Chapter Five

Five

Disappointment washed over me as I stood in the garage where we had planned our last heist, staring at the sea of empty chairs. My former landlady, Rose, an octogenarian with a colorful past as a Broadway performer, had offered the garage behind her Evanston home as a base of operations in exchange for being the “grease woman” in our crew. I could still smell the faint scent of chocolate from the pastries her ex-lover Chef Pierre had fed us during our heist-planning sessions, and the barest hint of her floral perfume.

“Where is everyone?” I asked Chloe. After sending out an urgent message on the secure server we’d used for the last heist, I’d expected the crew to show up on time, even if it was a Friday, excited to get together and catch up for the first time since we’d parted ways. It hadn’t occurred to me that they wouldn’t show up at all.

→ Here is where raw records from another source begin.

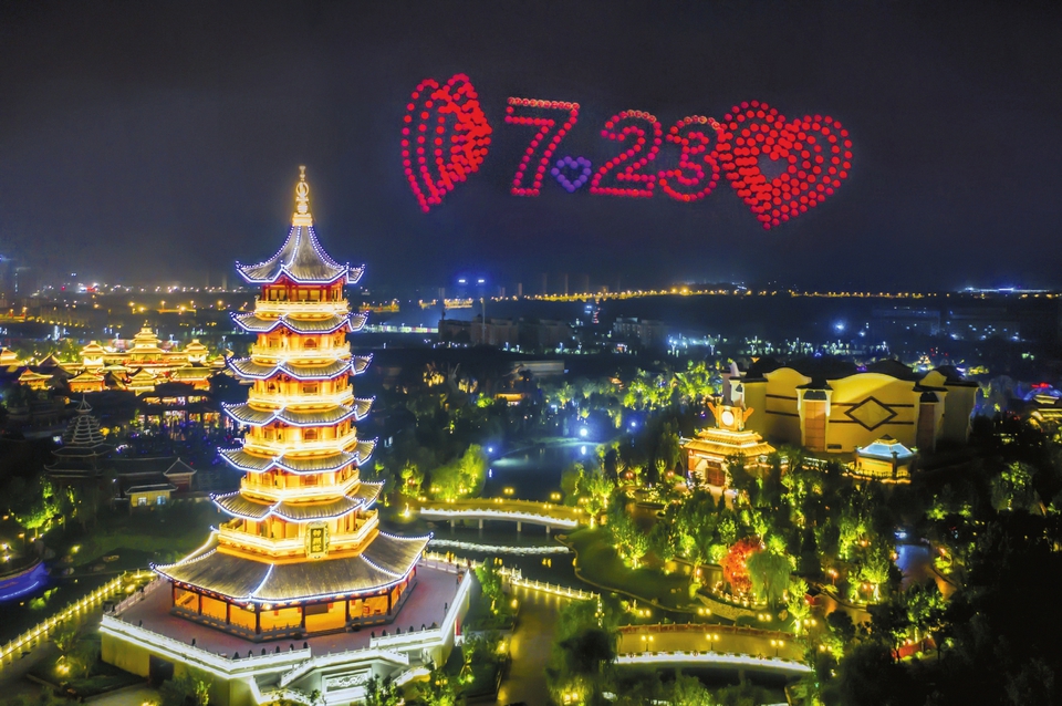 9月29日晚,游客在位于邯鄲市磁縣的方特國色春秋主題樂園景區游玩。河北日報通訊員韋科攝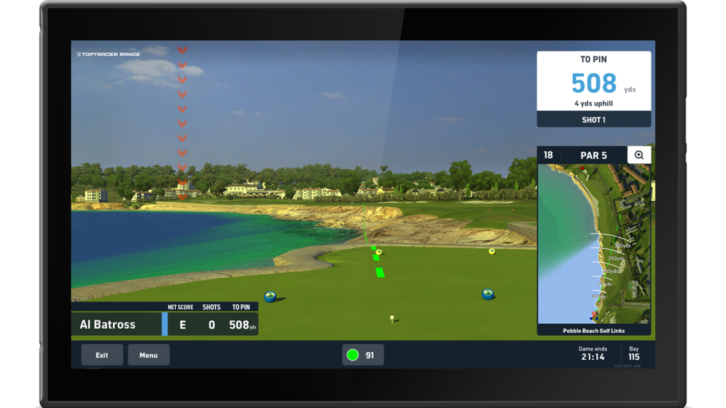 Take aim for the pin as consistently close approach shots will lead to victory. Play on a virtual golf course and utilizes Toptracer technology to track each shot’s trajectory and landing spot in real-time.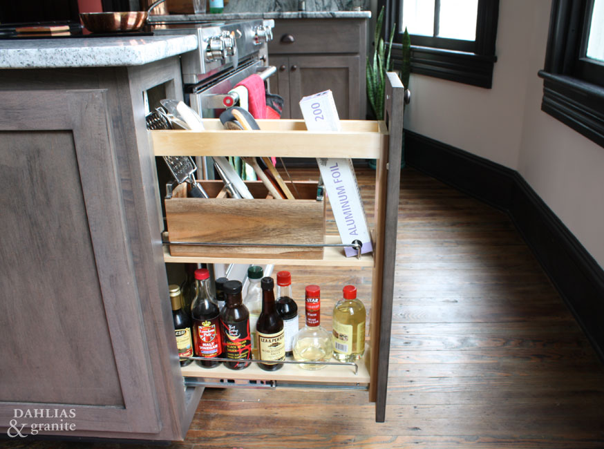 At the front of the island, on either side of the range there are two slim cabinets. The one to the left is a pull out spice drawer, and came with four shelves. I don’t keep my spices in the typical cylindrical jars, so I removed two shelves plus I really wanted to use this pull out to hide all of our spatulas and wooden spoons!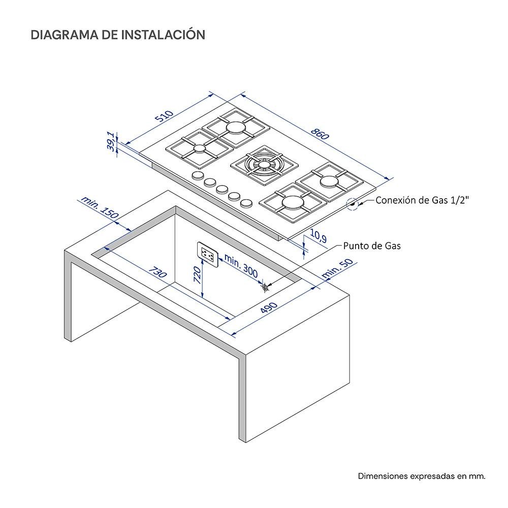 • Quemadores: 5 (1 pequeño, 2 medianos, 1 grande y 1 triple flama)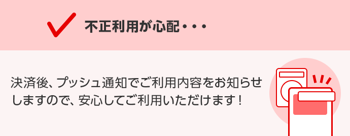 利用金額上限の設定をアプリから簡単に設定・変更が可能です。また、決済時のプッシュ通知機能もあり、安心・安全にご利用いただけます。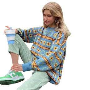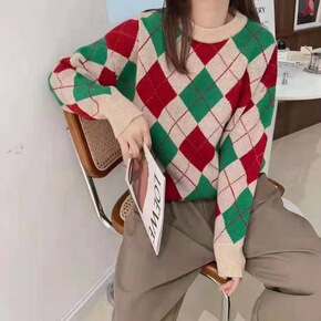 针织衫女长袖宽松秋冬2021新款潮印花宽松毛衣女装...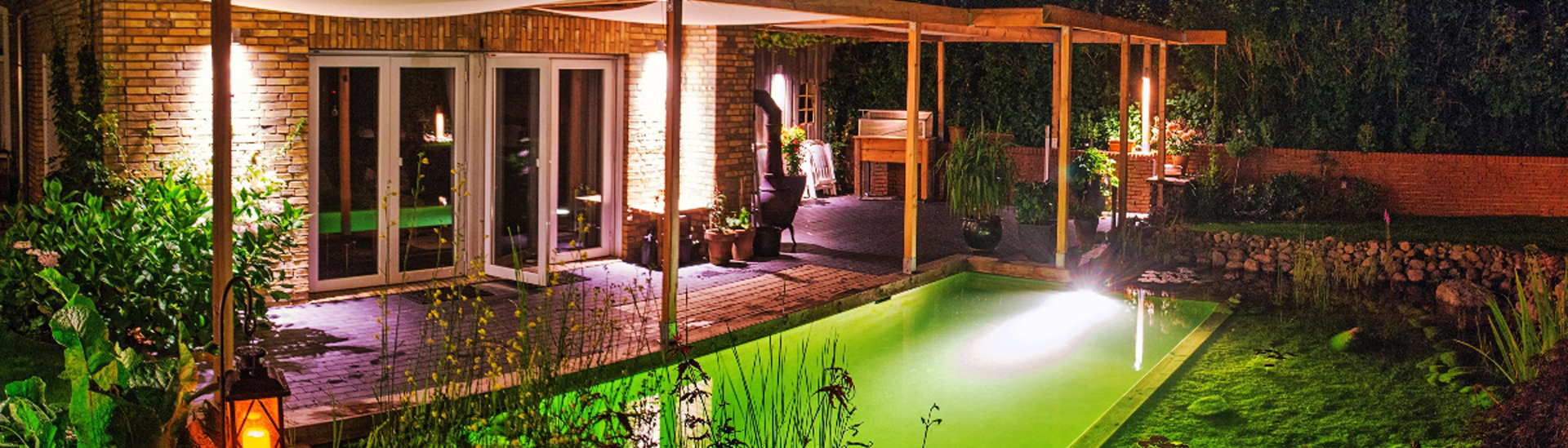 Zwei Jahre später überraschte uns unser Kunde erneut mit faszinierenden Fotos, die zeigen, wie der Schwimmteich und der Garten sich weiterentwickelt hatten. Eine Terrassenüberdachung, stimmungsvolle Gartenbeleuchtung, ein gemütlicher Lagerfeuerplatz und ein beeindruckender Rost-Wasserfall sind nur einige der Highlights. Zahlreiche weitere Design-Objekte bereichern den Garten.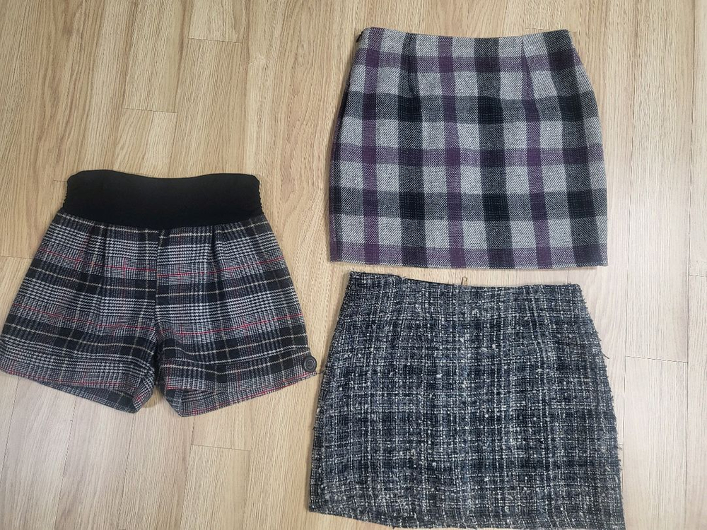 사진에 H 라인 미니스커트 2개와 숏바지 일괄로 드려요! 1. 퍼플 체크무늬 미니스커트 - M사이즈에 실측 길이는 사진에 표시된 부분 참고하셔서 허리 단면 35센티, 총길이 39센티 - 옆 지퍼 스타일에 안감 있고 앞에 양쪽 아래가 4센티씩 트여있어서 입으면 예뻐요 - 오염하자 등 이상 없습니다 2. 벨리걸 미니 스커트 - M사이즈에 실측 길이는 사진에 표시된 부분 참고하셔서 허리 단면 37센티, 총길이 37센티 - 보카시 재질에 살짝 빈티지 느낌과 은사가 반짝거려서 멋스러워요 - 뒷지퍼 스타일에 안감 있으며 백화점에서 구매했었고 오염하자 등 이상 없습니다 3. 모직 반바지 위의 두 치마와 같이 입었던 모직 바지인데 두껍지 않아 검정 스타킹 신고 위에 입으면 예뻐요~ 덤으로 같이 챙겨드려요^^ 따뜻해보이는데 두껍지않아서 활동하기 답답하지 않고 가을~겨울 입기 좋아요~ 일괄 저렴히 정리하니 언릉 연락주세요~~ 개인 거래 특성상 교환, 환불, 반품이 불가하니 설명 읽어보시고 궁금한 점은 자세히 문의주세요~ 일반 택배 +4000원 또는 GS, CU 반값 택배 +2000원 추가시 발송 가능해요~

“Maybe they didn’t get the message.” Chloe straightened the whiteboard I’d used to plan our last heist. “We haven’t used that server in over a year, and everyone has been busy spending their reward money to make their dreams come true.”

“They must think it’s a joke. I shouldn’t have used the word whacked .” I grabbed my bag and gestured to the door. “We’ll have to go and hunt them down. We’re all in this together.”

“It is pretty crazy,” she admitted as I locked the door. “Gage was stomping around this morning cursing and swearing. He wanted to call some guys he knew from his time in service to help him take Angelini out.”

“And where is your secret black ops ex-military boyfriend?” I lifted an eyebrow. “Why isn’t he here?”

“He’s picking Olivia up from soccer practice.” She shrugged. “He’s not in town often, and when he does show up, he insists on driving her everywhere. She’s got him wrapped around her little finger.” She tipped her head to the side. “What about Jack?”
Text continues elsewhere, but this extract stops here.